At 12:58 PM 3/16/2012, Andrew Pierce wrote:
While the definition you provide might be a suitable working definition, it
is not a suitable scientific definition. As a counter-example to your
claim  "it
was not taken there by human agency, but either evolved there or migrated
there prior to human record keeping" there are species that the first
humans brought to North America; these species violate the either-or
construction of your definition because we don't even 'know' all of the
species that came to North America this way.
To further push the envelope, what about species that were moved around by
other hominids (*Homo habilis, H. erectus*) or neandertals? Are they native
because they weren't moved by *H. sapiens*? Or are the non-native because
they were moved by agents?
What about species that were introduced by humans and then evolved into new
species?

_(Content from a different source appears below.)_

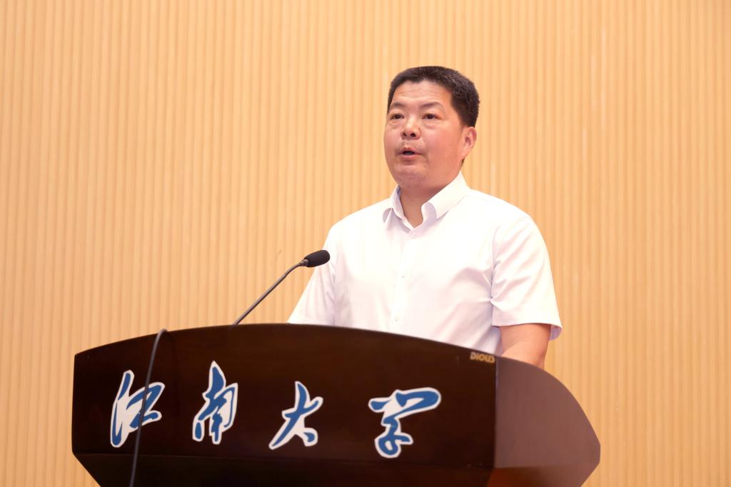 5月22日下午,dafacasino网页版关工委和无锡市退役军人事务局在dafacasino网页版远东报告厅联合举办“戎晖励行”奖助学金颁奖仪式。无锡市关工委副主任须俭,无锡市退役军人事务局党组成员、关工委主任、副局长傅强,局关工委常务副主任梅金超,局关工委副主任、军休中心主任陶延风,军休中心党委书记、关工委主任徐尚保,以及市关工委、局关工委、校关工委秘书长,军休中心(站)领导,军休老干部代表,锡戎之声合唱团、戎晖真情关爱团成员;dafacasino网页版党委副书记戴月波,校关工委常务副主任娄国栋,党委宣传部、学生工作处、离退休党工委、校团委、社会合作与校友联络处的领导,商学院、法学院、人文学院、纺织科学与工程学院、物联网工程学院、人工智能与计算机学院的党委副书记、学院关工委常务副主任、分团委书记等老师,以及2022级预科班的全体同学,共计近180人参加了会议,由商学院党委副书记徐静主持。

Is the introduced species non-native, but the evolutionary
descendant is native? Appeals to the crowd (*argument ad populum*) do not
invalidate these critiques and neither do *ad hominem *attacks.

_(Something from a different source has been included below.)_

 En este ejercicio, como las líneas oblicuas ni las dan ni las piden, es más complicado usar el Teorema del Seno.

Finally, the point that 'native' is a definition that eludes us still
stands. While local and pragmatic definitions of it might exist, a global,
scientifically defensible definition of it does not exist.

Andrew D. Pierce, Ph.D
Post-Doctoral Research Associate
Department of Natural Resources and Environmental Management
University of Hawai'i
USFS-Institute of Pacific Islands Forestry



On Wed, Mar 14, 2012 at 4:42 PM, David L. McNeely <mcnee...@cox.net> wrote:

> well, you can make word games out of simple concepts if you wish to.

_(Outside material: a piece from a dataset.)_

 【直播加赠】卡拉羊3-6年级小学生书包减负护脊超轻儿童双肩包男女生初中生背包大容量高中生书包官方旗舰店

>  Whenever most sane people refer to a species as being native in a place,
> they mean it was not taken there by human agency, but either evolved there
> or migrated there prior to human record keeping.  Pretty simple.  The other
> constructs you mention complicate matters, yes, but they do not define the
> concept of a species being native to a locality.  The multiple maps of
> native range for ponderosa pine may be based on different data sets, or
> they may be based on different definitions of the species.  Those matters
> do not alter what is meant by a species being native in a location, they
> just illustrate that we don't always have all the information, or that
> sometimes we disagree on the data.
>
> mcneely
>
> ---- Matt Chew <anek...@gmail.com> wrote:
> > Jason Persichetti's contention, "we all know what is meant by the idiom"
> is
> > precisely false.
> >
> > I routinely show audiences eight different maps purporting to represent
> the
> > native range of _Pinus_ponderosa_, prepared for different purposes by
> > different authorities.  They can't all be correct AND mean the same
> thing.
> >
> > What "native species" denotes actually varies quite a bit, and no wonder,
> > since it includes three explicit degrees of freedom (specifications of
> > place, time, and taxon) at least two tacit ones (who counts as a human,
> and
> > what counts as human agency) plus an authority claim.
> >
> >  Authority claims alone entail ad hoc redefinitions of "native"; e.g.,
> USGS
> > NAS roils the waters by calling _Micropterus_salmoides_ a "native
> > transplant" in the United States outside a particular set of hydrologic
> > units.  That is a political calculation.
> >
> > What "native species" connotes also varies, but recently, typically
> > indicates the idiomist is making or ratifying a judgment that some
> organism
> > has a moral claim to persisting in a specified place because no human is
> > known to have physically moved it ­ or its forbears.  But we relax
> various
> > aspects of that as easily as we apply them.
> >
> > As is (remarkably) typical of ecology's idioms, we have no calibrated
> > conception of this supposedly fundamental characteristic.  Blaming the
> > shortcomings of language for our failure to formulate a coherent concept
> is
> > a red herring unless our consensus "native" really is an inarticulable
> > intuition.  If it is (and nothing I've read so far suggests otherwise)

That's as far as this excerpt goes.